• _Work to complete_
Only the pictures should be left out; repeat the rest of the data exactly.
*** Source information ***
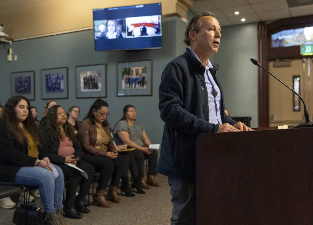 Connect Casino Road Director Alvaro Gullien speaks at an Everett City Council meeting to share community thoughts regarding affordable housing and preventing displacement of those who live along Casino Road on Wednesday, April 16, 2025 in Everett, Washington. (Olivia Vanni / The Herald)
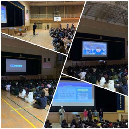 4・5・6年生は、講堂で、東日本大震災の「釜石の奇跡」についてのDVDを鑑賞しました。
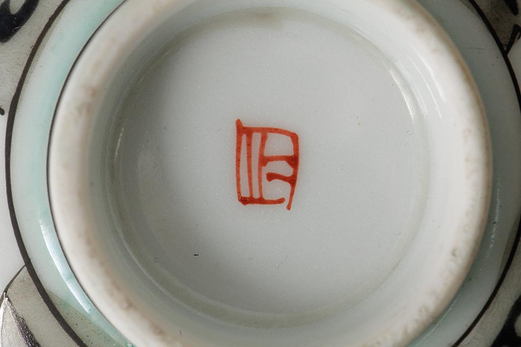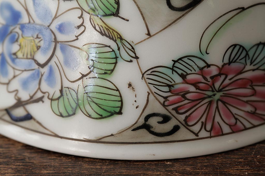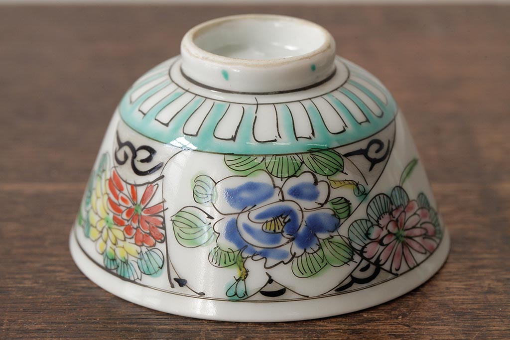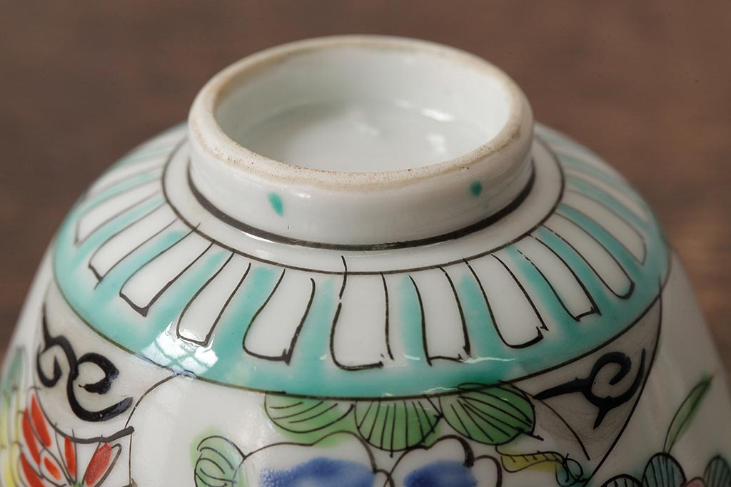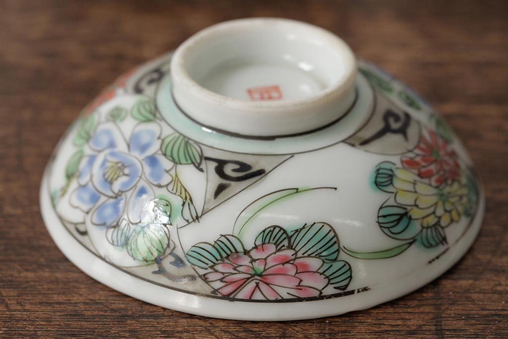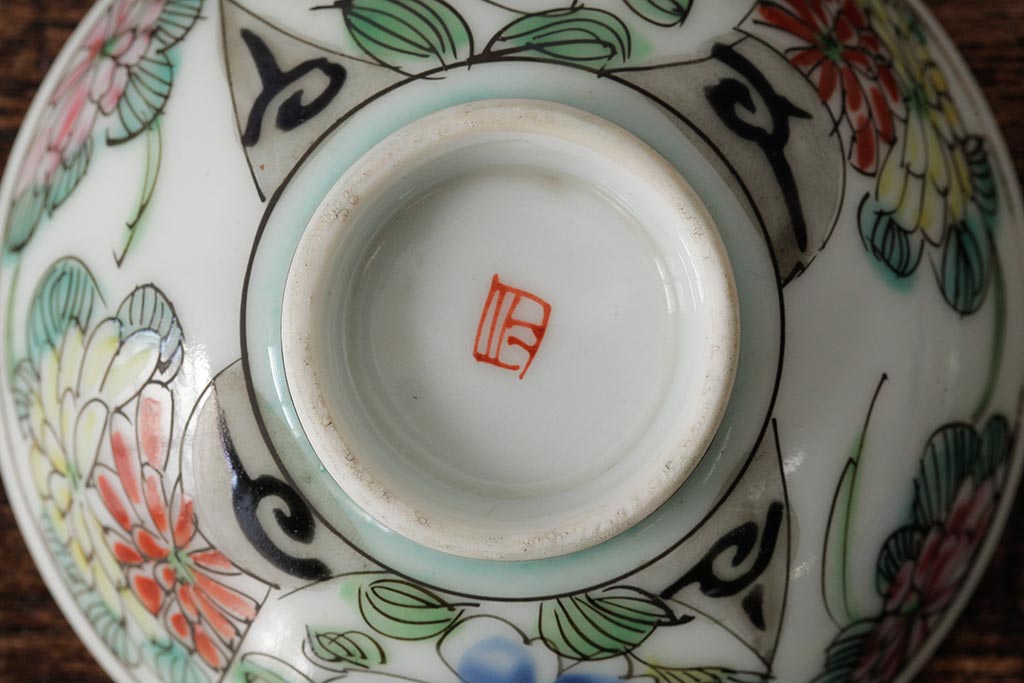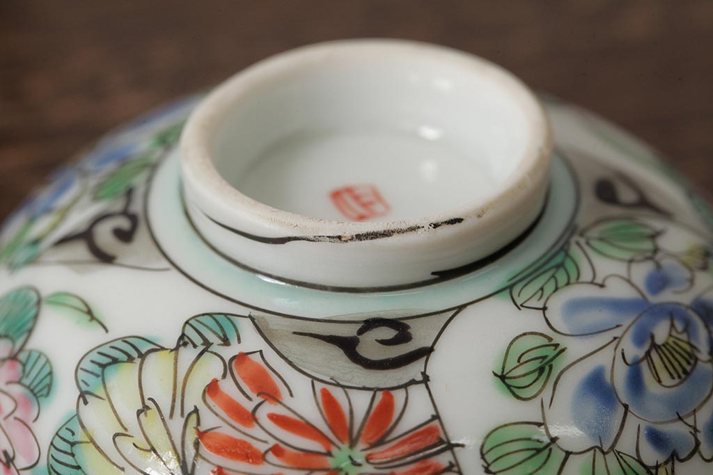 明治大正期 色絵染付蓋茶碗2客セット(和食器)(R-042810)
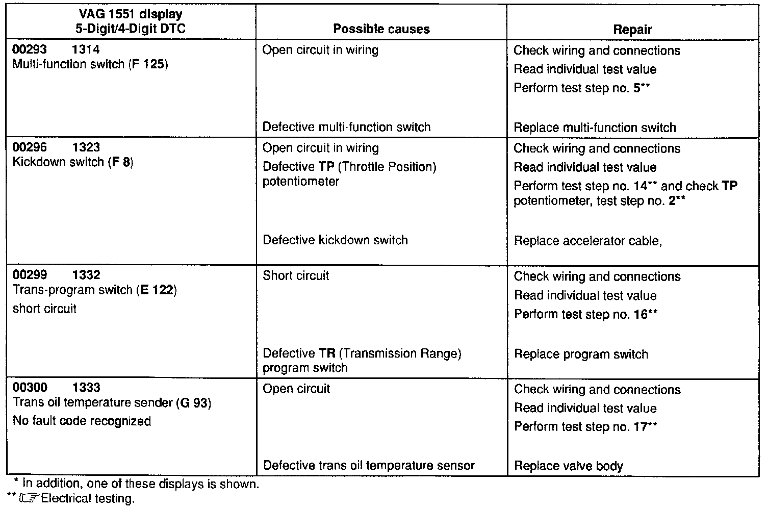 Trouble Code Chart:
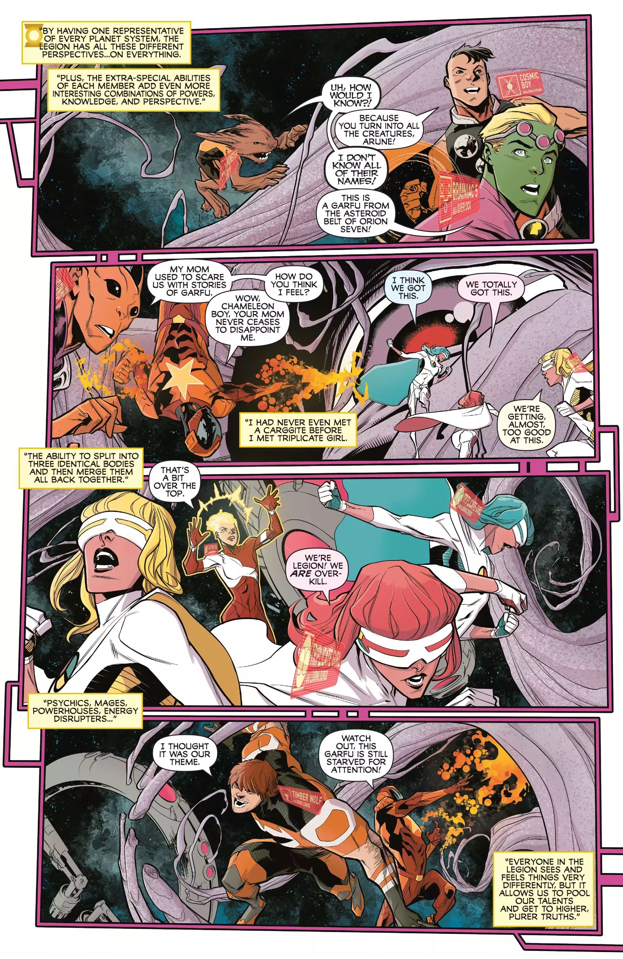 Empezamos con Young Justice y simplemente te enamoras de esos personajes y la mayor parte de eso se debe a Brian y a la forma en que los retrata, y es lo mismo con este libro. No estaba muy familiarizado con Legión, pero ahora tengo todo el material en mi lista de deseos. Quiero volver y conseguir todo. Al estar tan lejos en el futuro y en la ciencia ficción, hay un matiz extraño y mágico en la forma en que se siente todo en Legión. No se parece a nada de lo que me encuentro en los cómics y estoy muy emocionado de estar a bordo, especialmente con él en este libro en particular.
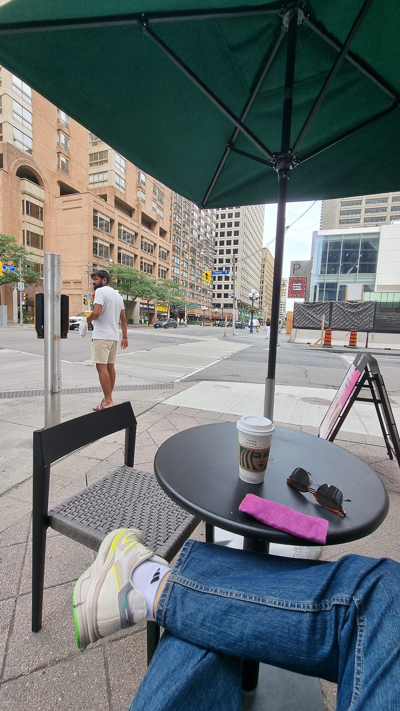 요즘은 직장에서 일을 너무 열심히 해서가 아니고, 연일 쏟아져 나오는 축제에 쫓아다니느라 체력이 고갈되는 듯하다. 제대로 노는 건 항상 힘들다. attention이 full 가동되기 때문에 익숙한 일을 할 때에 비해 에너지가 훨씬 더 많이 소모된다. 아님 밤에 잠을 잘 못 자서 그런가? 요새는 커피를 마시면서 동시에 졸고 있기도 한다. 특히 요즘처럼 나무 밑 벤치에서나, 지금처럼 빌딩 숲아래의 파라솔 아래서 시원한 산들바람이 온몸을 간지럽히는 때는 하던 일을 멈추고 잠시 졸다 깨어난다.
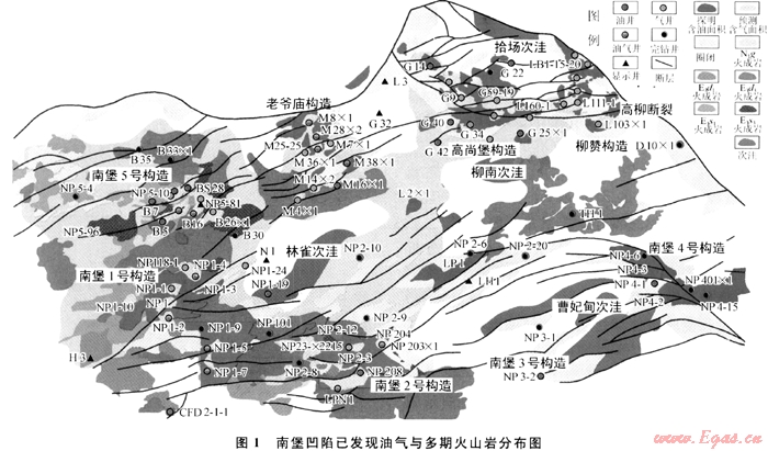 南堡凹陷源巖樣品熱模擬和三維生烴動(dòng)力學(xué)模擬結(jié)果都顯示,主力烴源巖古近系沙三段和部分東三段的熱演化程度大面積處于低成熟和成熟階段,僅E3s3在局部深洼或局部火山活動(dòng)地區(qū)高溫區(qū)進(jìn)入生氣階段,尚未達(dá)到大量生氣階段,導(dǎo)致南堡凹陷已發(fā)現(xiàn)油氣分布呈現(xiàn)油氣共生、大面積含油和局部富氣的特點(diǎn),其中天然氣富集區(qū)主要位于深洼區(qū)斜坡部位和火山巖分布區(qū)(圖1和圖5)。如在林雀次凹北部(預(yù)測(cè)其烴源巖生氣強(qiáng)度為32×108m3/km2)廟南斜坡區(qū)發(fā)現(xiàn)的廟4×1和廟16×1氣藏、北堡斜坡區(qū)發(fā)現(xiàn)的南堡5-10和南堡5-81油氣藏都與氣源巖成熟度和火山巖分布密切關(guān)。南堡4號(hào)構(gòu)造帶目前尚未發(fā)現(xiàn)氣井,推測(cè)可能與曹妃甸次洼源巖成熟度或生氣強(qiáng)度低(22×108m3/km2)以及火山巖不發(fā)育有關(guān)。
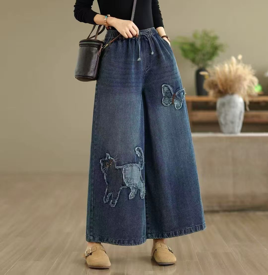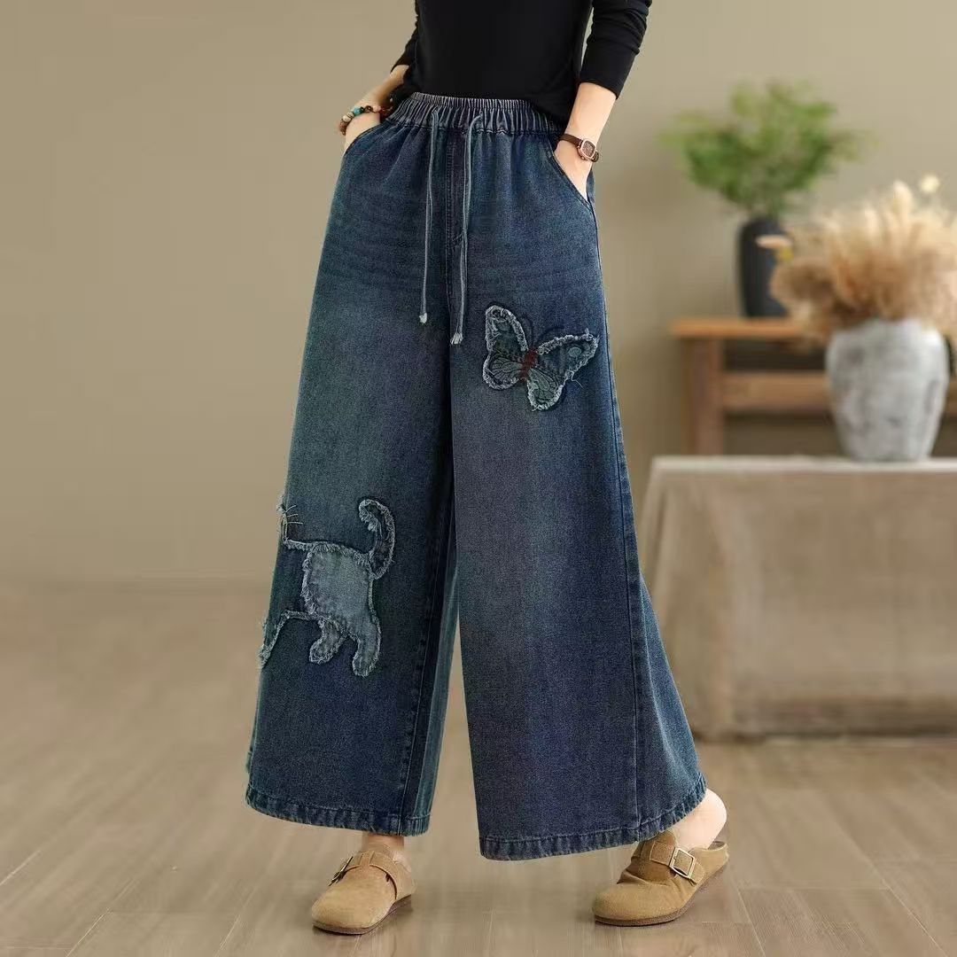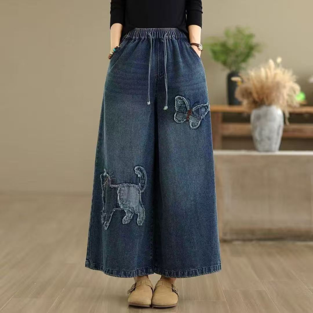 秋季新款刺绣牛仔阔腿裤女文艺民族风松紧腰休闲复古显瘦直筒长裤
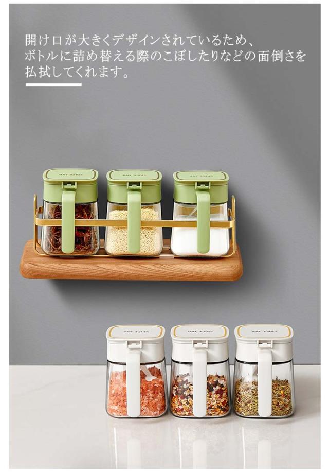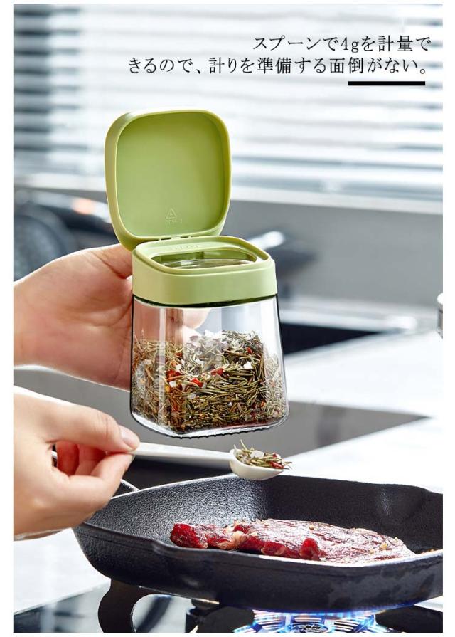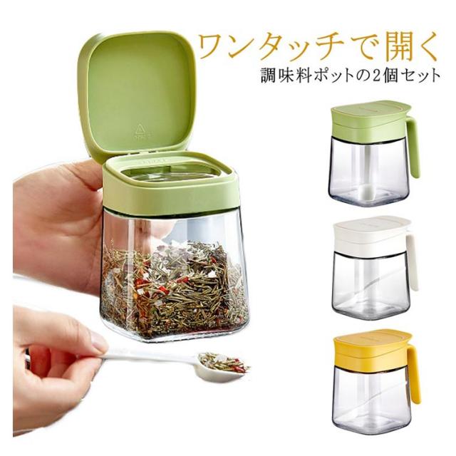 | ワンタッチで開く調味料ポットの2個セット 蓋がワンタッチで開けられます。 開け口が大きくデザインされているため、ボトルに詰め替える際のこぼしたりなどの面倒さを払拭してくれます。 ガラス製で匂いや色が移りにくいため、スパイスを入れるのにも適しています。どこから見ても中身が見えるため、ラベリングなしでもOK! ハンドルを握ると、片手で簡単にフタを開けられます。 スプーンで4gを計量できるので、計りを準備する面倒がない。 2個セットなので複数の調味料を使う方におすすめです。 | |
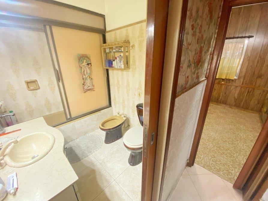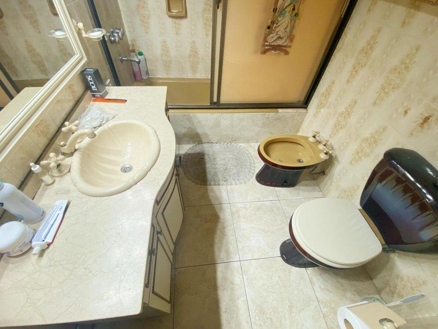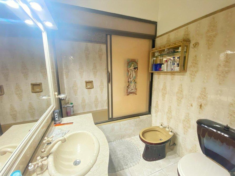 Baño totalmente instalado con bacha y mesada de marmol a medida, espacio de guardado, inodoro, bidet y bañera con mampara.
*** End of Source information ***
• _Expected answer_
 Connect Casino Road Director Alvaro Gullien speaks at an Everett City Council meeting to share community thoughts regarding affordable housing and preventing displacement of those who live along Casino Road on Wednesday, April 16, 2025 in Everett, Washington. (Olivia Vanni / The Herald)
 4・5・6年生は、講堂で、東日本大震災の「釜石の奇跡」についてのDVDを鑑賞しました。
 明治大正期 色絵染付蓋茶碗2客セット(和食器)(R-042810)
 Trouble Code Chart:
 Empezamos con Young Justice y simplemente te enamoras de esos personajes y la mayor parte de eso se debe a Brian y a la forma en que los retrata, y es lo mismo con este libro. No estaba muy familiarizado con Legión, pero ahora tengo todo el material en mi lista de deseos. Quiero volver y conseguir todo. Al estar tan lejos en el futuro y en la ciencia ficción, hay un matiz extraño y mágico en la forma en que se siente todo en Legión. No se parece a nada de lo que me encuentro en los cómics y estoy muy emocionado de estar a bordo, especialmente con él en este libro en particular.
 요즘은 직장에서 일을 너무 열심히 해서가 아니고, 연일 쏟아져 나오는 축제에 쫓아다니느라 체력이 고갈되는 듯하다. 제대로 노는 건 항상 힘들다. attention이 full 가동되기 때문에 익숙한 일을 할 때에 비해 에너지가 훨씬 더 많이 소모된다. 아님 밤에 잠을 잘 못 자서 그런가? 요새는 커피를 마시면서 동시에 졸고 있기도 한다. 특히 요즘처럼 나무 밑 벤치에서나, 지금처럼 빌딩 숲아래의 파라솔 아래서 시원한 산들바람이 온몸을 간지럽히는 때는 하던 일을 멈추고 잠시 졸다 깨어난다.
 南堡凹陷源巖樣品熱模擬和三維生烴動(dòng)力學(xué)模擬結(jié)果都顯示,主力烴源巖古近系沙三段和部分東三段的熱演化程度大面積處于低成熟和成熟階段,僅E3s3在局部深洼或局部火山活動(dòng)地區(qū)高溫區(qū)進(jìn)入生氣階段,尚未達(dá)到大量生氣階段,導(dǎo)致南堡凹陷已發(fā)現(xiàn)油氣分布呈現(xiàn)油氣共生、大面積含油和局部富氣的特點(diǎn),其中天然氣富集區(qū)主要位于深洼區(qū)斜坡部位和火山巖分布區(qū)(圖1和圖5)。如在林雀次凹北部(預(yù)測(cè)其烴源巖生氣強(qiáng)度為32×108m3/km2)廟南斜坡區(qū)發(fā)現(xiàn)的廟4×1和廟16×1氣藏、北堡斜坡區(qū)發(fā)現(xiàn)的南堡5-10和南堡5-81油氣藏都與氣源巖成熟度和火山巖分布密切關(guān)。南堡4號(hào)構(gòu)造帶目前尚未發(fā)現(xiàn)氣井,推測(cè)可能與曹妃甸次洼源巖成熟度或生氣強(qiáng)度低(22×108m3/km2)以及火山巖不發(fā)育有關(guān)。
 秋季新款刺绣牛仔阔腿裤女文艺民族风松紧腰休闲复古显瘦直筒长裤
 | ワンタッチで開く調味料ポットの2個セット 蓋がワンタッチで開けられます。 開け口が大きくデザインされているため、ボトルに詰め替える際のこぼしたりなどの面倒さを払拭してくれます。 ガラス製で匂いや色が移りにくいため、スパイスを入れるのにも適しています。どこから見ても中身が見えるため、ラベリングなしでもOK! ハンドルを握ると、片手で簡単にフタを開けられます。 スプーンで4gを計量できるので、計りを準備する面倒がない。 2個セットなので複数の調味料を使う方におすすめです。 | |
 Baño totalmente instalado con bacha y mesada de marmol a medida, espacio de guardado, inodoro, bidet y bañera con mampara.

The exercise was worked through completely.